"""

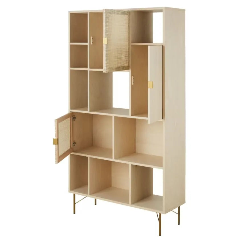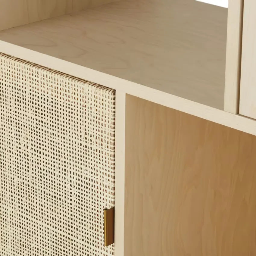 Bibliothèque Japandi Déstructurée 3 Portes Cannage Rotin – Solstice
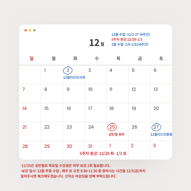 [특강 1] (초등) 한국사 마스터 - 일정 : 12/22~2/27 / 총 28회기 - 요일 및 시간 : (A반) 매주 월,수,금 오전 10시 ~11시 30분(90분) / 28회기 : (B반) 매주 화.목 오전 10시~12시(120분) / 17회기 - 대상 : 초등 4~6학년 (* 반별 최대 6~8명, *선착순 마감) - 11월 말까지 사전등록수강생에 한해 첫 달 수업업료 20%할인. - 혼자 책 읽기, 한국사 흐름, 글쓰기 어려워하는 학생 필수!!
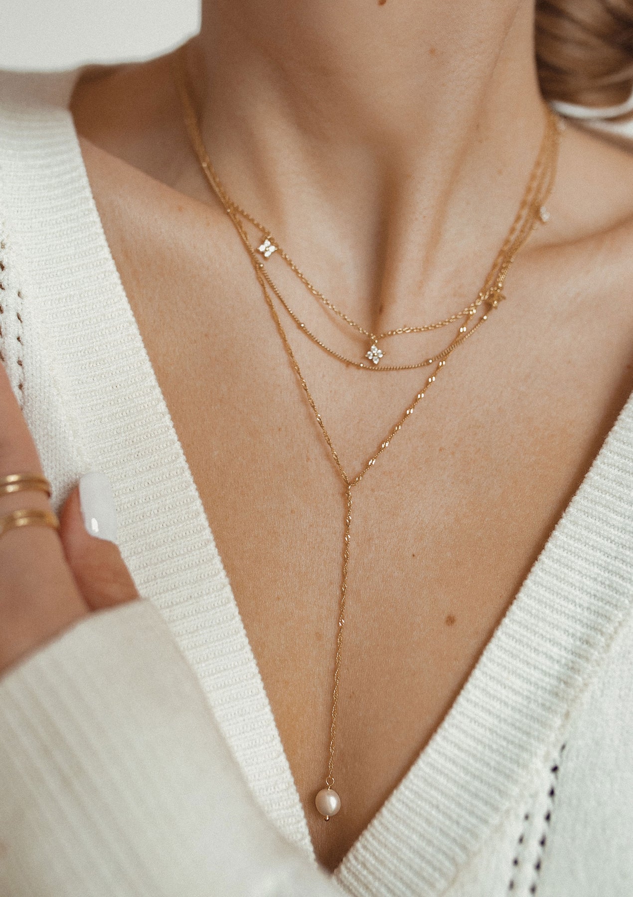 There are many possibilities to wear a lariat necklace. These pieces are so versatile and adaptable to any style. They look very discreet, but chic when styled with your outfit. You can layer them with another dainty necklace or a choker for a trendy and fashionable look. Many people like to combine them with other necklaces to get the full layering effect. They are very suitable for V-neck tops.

"""
"""

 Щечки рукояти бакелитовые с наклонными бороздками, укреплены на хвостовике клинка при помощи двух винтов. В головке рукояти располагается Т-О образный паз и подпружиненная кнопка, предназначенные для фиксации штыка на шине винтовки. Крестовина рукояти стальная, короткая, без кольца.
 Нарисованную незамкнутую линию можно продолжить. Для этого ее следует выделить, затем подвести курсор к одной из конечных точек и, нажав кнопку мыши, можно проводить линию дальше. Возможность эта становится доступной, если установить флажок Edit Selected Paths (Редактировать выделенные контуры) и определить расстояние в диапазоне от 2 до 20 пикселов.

"""
"""

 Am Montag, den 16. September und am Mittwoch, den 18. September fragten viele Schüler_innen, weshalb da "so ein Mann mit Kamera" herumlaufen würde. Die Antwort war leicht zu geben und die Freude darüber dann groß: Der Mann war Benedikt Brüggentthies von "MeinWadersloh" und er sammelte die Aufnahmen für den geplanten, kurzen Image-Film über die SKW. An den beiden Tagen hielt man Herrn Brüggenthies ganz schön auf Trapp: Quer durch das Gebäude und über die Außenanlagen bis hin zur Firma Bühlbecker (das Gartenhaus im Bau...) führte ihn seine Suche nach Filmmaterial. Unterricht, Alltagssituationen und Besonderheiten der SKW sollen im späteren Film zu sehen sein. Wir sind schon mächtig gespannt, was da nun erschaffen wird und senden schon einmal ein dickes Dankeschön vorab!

"""

**Brief:**
Given the entries above, transcribe exactly the lines from the one holding "Bibliothèque Japandi Déstructurée" through the one holding "There are many"; pictures do not belong in the transcription.

**Solution to this task:**
 Bibliothèque Japandi Déstructurée 3 Portes Cannage Rotin – Solstice
 [특강 1] (초등) 한국사 마스터 - 일정 : 12/22~2/27 / 총 28회기 - 요일 및 시간 : (A반) 매주 월,수,금 오전 10시 ~11시 30분(90분) / 28회기 : (B반) 매주 화.목 오전 10시~12시(120분) / 17회기 - 대상 : 초등 4~6학년 (* 반별 최대 6~8명, *선착순 마감) - 11월 말까지 사전등록수강생에 한해 첫 달 수업업료 20%할인. - 혼자 책 읽기, 한국사 흐름, 글쓰기 어려워하는 학생 필수!!
 There are many possibilities to wear a lariat necklace. These pieces are so versatile and adaptable to any style. They look very discreet, but chic when styled with your outfit. You can layer them with another dainty necklace or a choker for a trendy and fashionable look. Many people like to combine them with other necklaces to get the full layering effect. They are very suitable for V-neck tops.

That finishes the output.